The 21st century is the era of networks and information. With the huge increment of data processing demands, data center energy consumption has dramatically increased in recent years. A statistical report from Lawrence Berkeley National Laboratory in 2007 showed that the US data center energy consumption had a high growth rate of 15% per year and global data center energy consumption doubled every 5 years [1]. With the rapid growth of data center energy consumption and continuously increasing energy costs, energy conservation in data centers is more and more concerned by governments, companies and academia. Data centers consume energy in the IT equipment, cooling systems, UPS and other systems. The data center cooling systems always account for a high proportion of the total energy consumption. Research has indicated that the cooling system energy consumption usually accounts for more than 30–50% of the total energy consumption [2], [3]. Therefore, the cooling system energy conservation plays an important role in high-efficiency energy utilization and energy conservation in data centers.

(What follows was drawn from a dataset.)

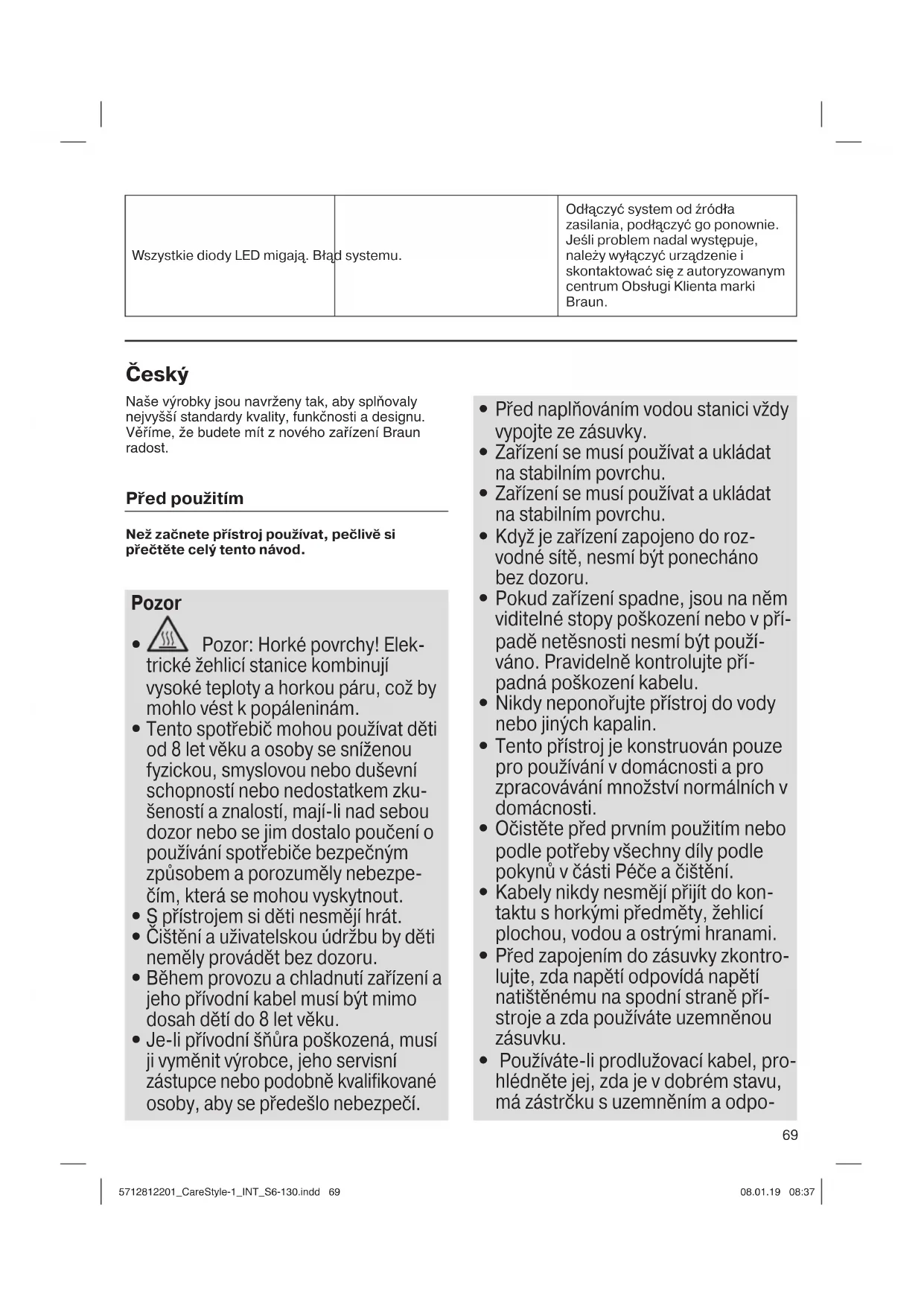 Varování: Vzhledem k vysokému výkonu tohoto přístroje se, prosím, ujistěte, že máte odpovídající zdroj elektrického proudu. Informujte se u své elektrárenské společnosti, zda celkový odpor hlavního rozvodu nepřekračuje hodnotu 0.372 Ohmu. 5712812201_CareStyle-1_INT_S6-130.indd 705712812201_CareStyle-1_INT_S6-130.indd 70 08.01.19 08:3708.01.19 08:3771

Optimization of the data center airflow organization is one of the most effective ways to reduce the cooling system energy consumption. Previous studies have developed some ways to improve the airflow organization and equipment layout in data centers. For example, the raised-floor design is commonly used in large data centers with cold and hot aisles [4], [5], [6], [7], [8]. However, there are still inefficient data center airflow patterns. Fig. 1 shows a typical raised-floor data center. The cooling air is pumped into the plenum below the raised floor from the cooling system, flows into the cold aisle through perforated tiles, is heated in the racks, and finally flows back to the air conditioning. Air mixing and inefficient cooling air distributions often occur between racks in data centers [9], [10]. The three main types of air mixing phenomena are recirculation air mixing, bypass air mixing and negative pressure air mixing. Air mixing will reduce the cooling ability and poor cooling air distributions between racks will result in local hot spots. Therefore, a more comprehensive method is needed to evaluate the thermal environment and to optimize the airflow organization.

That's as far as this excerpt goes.